→ Assignment
Return exactly, please, the line that contains "I have enjoyed" and every line after it through the end of the material that follows, leaving pictures aside.

→ Extracted information
◆ ◆ ◆ ◆
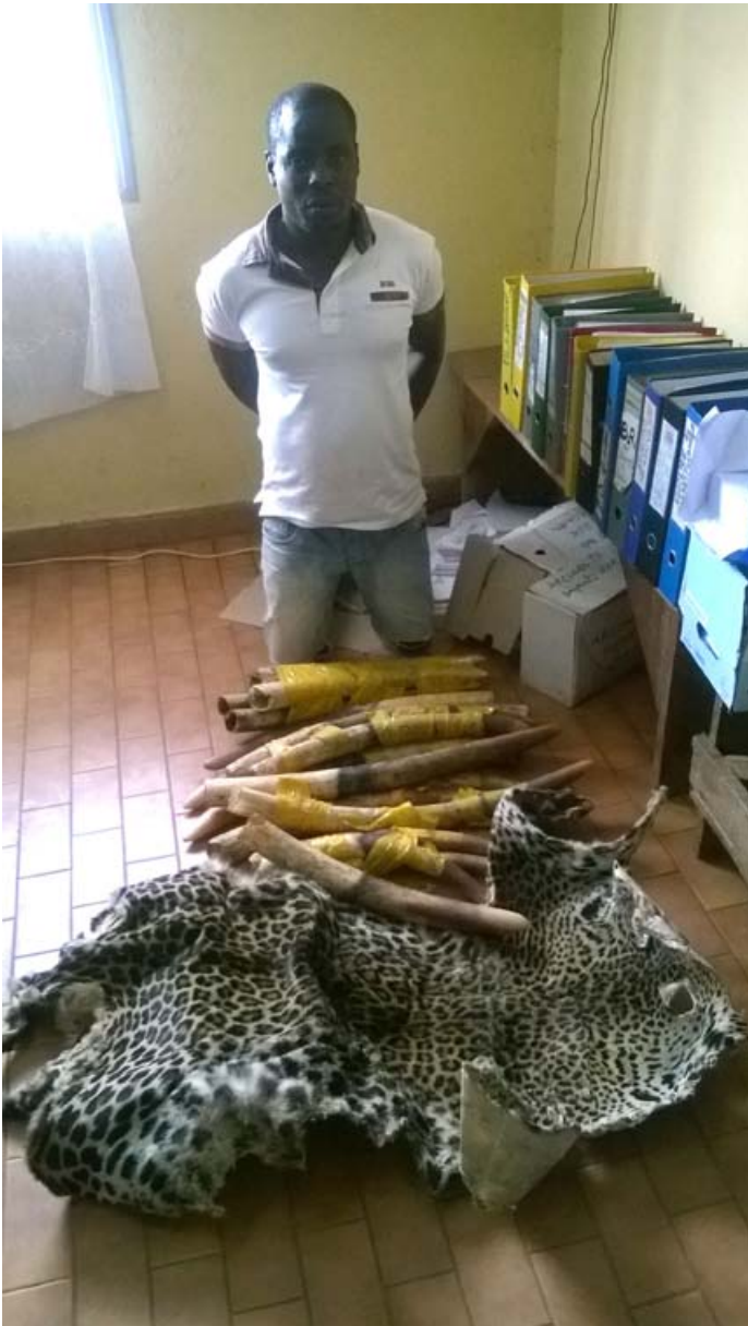
An ivory trafficker arrested with 17 elephant tusks and a leopard skin
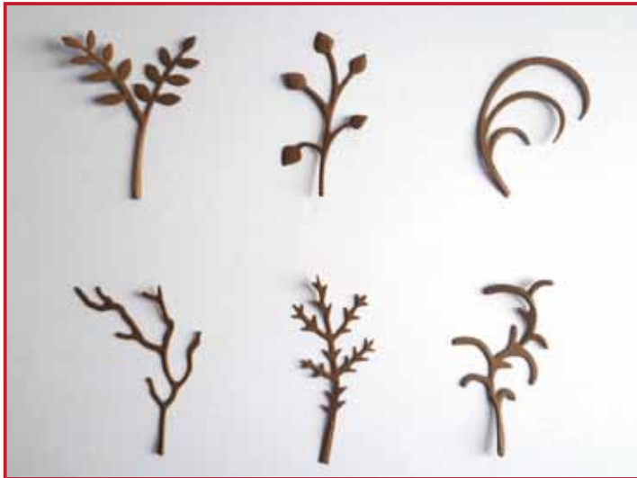
3. These twigs can be used on your card.
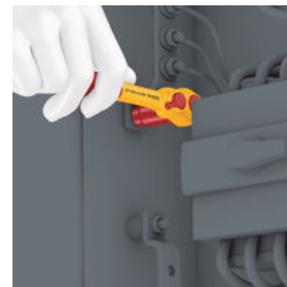
The extremely slim design of the Zyklop VDE ratchet makes it easy to work, even in confined spaces.
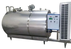
Bulk Milk Cooler
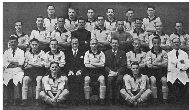
Hull City 1948-49

I have enjoyed many great seasons but the one I have chosen is the one my Dad used to talk about and gave great pleasure to so many people following the difficult years of World War 2. It is also a season I know some of our members still fondly remember. It is the season where Player Manager Raich Carter leads the Tigers from Division 3 North to promotion and an FA Cup Quarter Final. It was season 1948-49 , the 3 rd season in the hastily built Boothferry Park, a season which witnessed a home crowd of over 50,000.
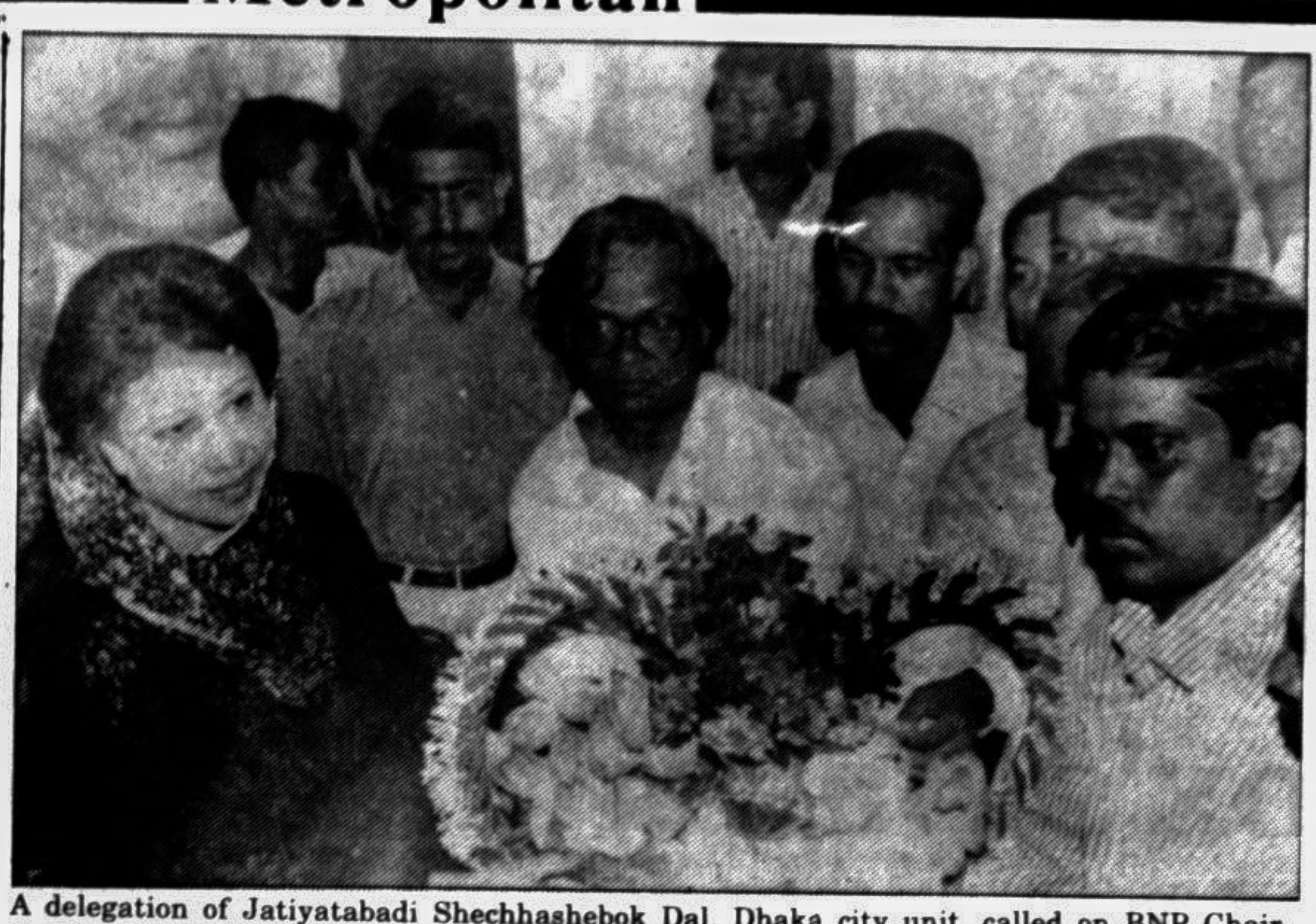
A delegation of Jatiyatabadi Shechhashebok Dal, Dhaka city unit, called on BNP Chairperson Khaleda Zia at her Minto Road residence yesterday.
◆ ◆ ◆ ◆
→ Result for this exercise
I have enjoyed many great seasons but the one I have chosen is the one my Dad used to talk about and gave great pleasure to so many people following the difficult years of World War 2. It is also a season I know some of our members still fondly remember. It is the season where Player Manager Raich Carter leads the Tigers from Division 3 North to promotion and an FA Cup Quarter Final. It was season 1948-49 , the 3 rd season in the hastily built Boothferry Park, a season which witnessed a home crowd of over 50,000.
A delegation of Jatiyatabadi Shechhashebok Dal, Dhaka city unit, called on BNP Chairperson Khaleda Zia at her Minto Road residence yesterday.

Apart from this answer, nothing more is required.